Complex CHDs also tend to coexist with congenital coronary artery anomalies. Reference Lowry, Olabiyi, Adachi, Moodie and Knudson30 Although most cases of congenital coronary artery anomalies tend to be benign, in isolation, congenital coronary artery anomalies can be associated with myocardial ischaemia, ventricular arrhythmias, and sudden death. Reference Frommelt31 Anomalous aortic origin of the left coronary artery from the right sinus of Valsalva accounts for roughly 40% of all major coronary anomalies, however, is deemed to have little clinical significance. Anomalous aortic origin of the right coronary artery from the left sinus of Valsalva is estimated to account for 35% of major coronary anomalies and is important in that it can lead to myocardial ischaemia and sudden cardiac death. Another variant is when there is a single coronary artery and half of the cases are usually encountered alongside other forms of CHD. Reference Flores, Moore and Statile32 Variants with coronary arteries which follow an interarterial course between the aorta and pulmonary artery are thought to have the highest risks of sudden cardiac death, especially when the young individual is engaging with strenuous physical exertion. Reference Brothers33 One study analysed clinical and pathological reports in 242 patients with isolated congenital coronary artery anomalies to identify the frequency and mechanisms pinned with sudden cardiac death. Reference Taylor, Rogan and Virmani34 A key finding was that the younger patients (<30 years old) were at a greater risk of sudden cardiac death, especially following exercise or significant exertion. Although this included patients beyond the paediatric population, it warrants further probing to determine which age groups are most at risk.
Neonates and infants
Congenital malformations are the chief cause of neonatal death, occurring in 2–3% of live births. Structural heart disease is diagnosed in the first year of life in 4–8/1000 infants and 10% of these cases have fatal consequences. The predominant diagnoses made in neonates include hypoplastic left heart syndrome, pulmonary atresia and transposition of the great arteries, all of which are severe and can lead to cyanosis, congestive heart failure, cardiovascular collapse, and shock. Reference Pinar35 In addition, aortic valve stenosis, coarctation of the aorta, and Tetralogy of Fallot are also severe diagnoses, which may be recognised in the first year of life. Sudden unexpected neonatal death and sudden infant death syndrome are both phenomena, which share certain features and have also been shown to have underlying cardiac causes. Reference Weber, Ashworth, Risdon, Brooke, Malone and Sebire36,Reference Adams, Good and Defranco37 A retrospective analysis by Weber et al found that out of 32 explained sudden unexpected neonatal death associated with undiagnosed congenital abnormalities, 12 (38%) were attributable to clinically undetected structural CHD including transposition of the great arteries, coarctation of the aorta, hypoplastic left heart syndrome, and pulmonary atresia.
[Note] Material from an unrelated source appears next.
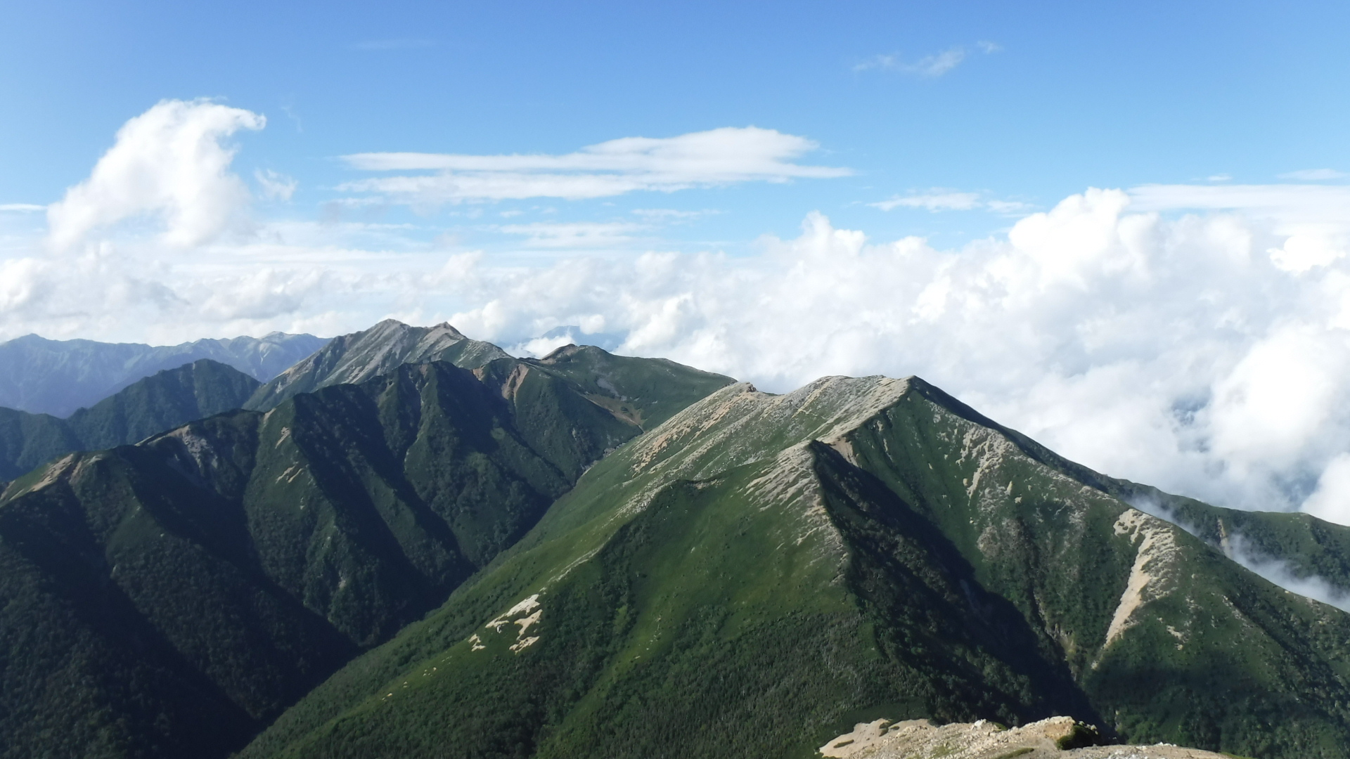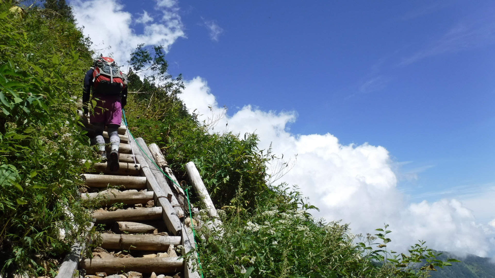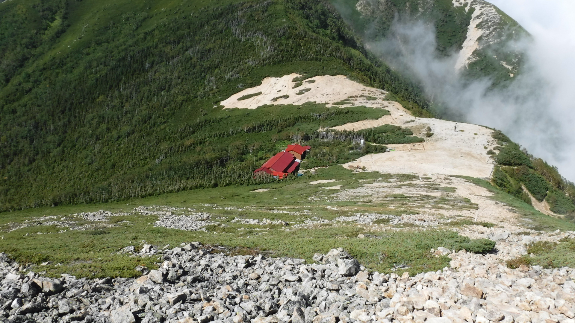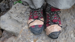 5年ぶりに履くとダメですね、最初は何ともなかったのですが、1日目の後半でソールが剥がれてきてしまいました。手持ちのガムテープで補強しましたが、岩場ではすぐ切れてしまいます。山小屋で結束バンドをもらってなんとか無事に下山できましたが、これからはこういった小物もリュックの隅に入れておかなければなりません。 |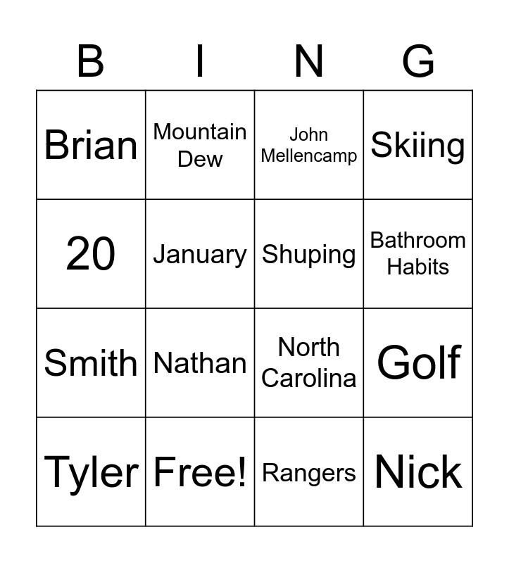 This bingo card has 31 words: Brianna, Nick, Golf, Once, Brian, John Mellencamp, Shuping, Cowboys, Free!, Buccaneers, Rangers, Tyler, Kyle, Dylan, Nathan, New York, Basketball, Kyle, Nick, 30, 20, 2, Coors Light, Mountain Dew, Smith, January, Skiing, North Carolina, Hauling, Bathroom Habits and Vodka.

Thus, CHD was the commonest single group of congenital malformations associated with sudden unexpected neonatal death. Reference Weber, Ashworth, Risdon, Brooke, Malone and Sebire36 Although this is a significant value when discussed alongside the sample size and should be included when assessing the burden of sudden cardiac death in paediatric CHD patients, it is believed that sudden cardiac death is more likely to occur in patients beyond the neonatal period and a third of CHD deaths occur during infancy.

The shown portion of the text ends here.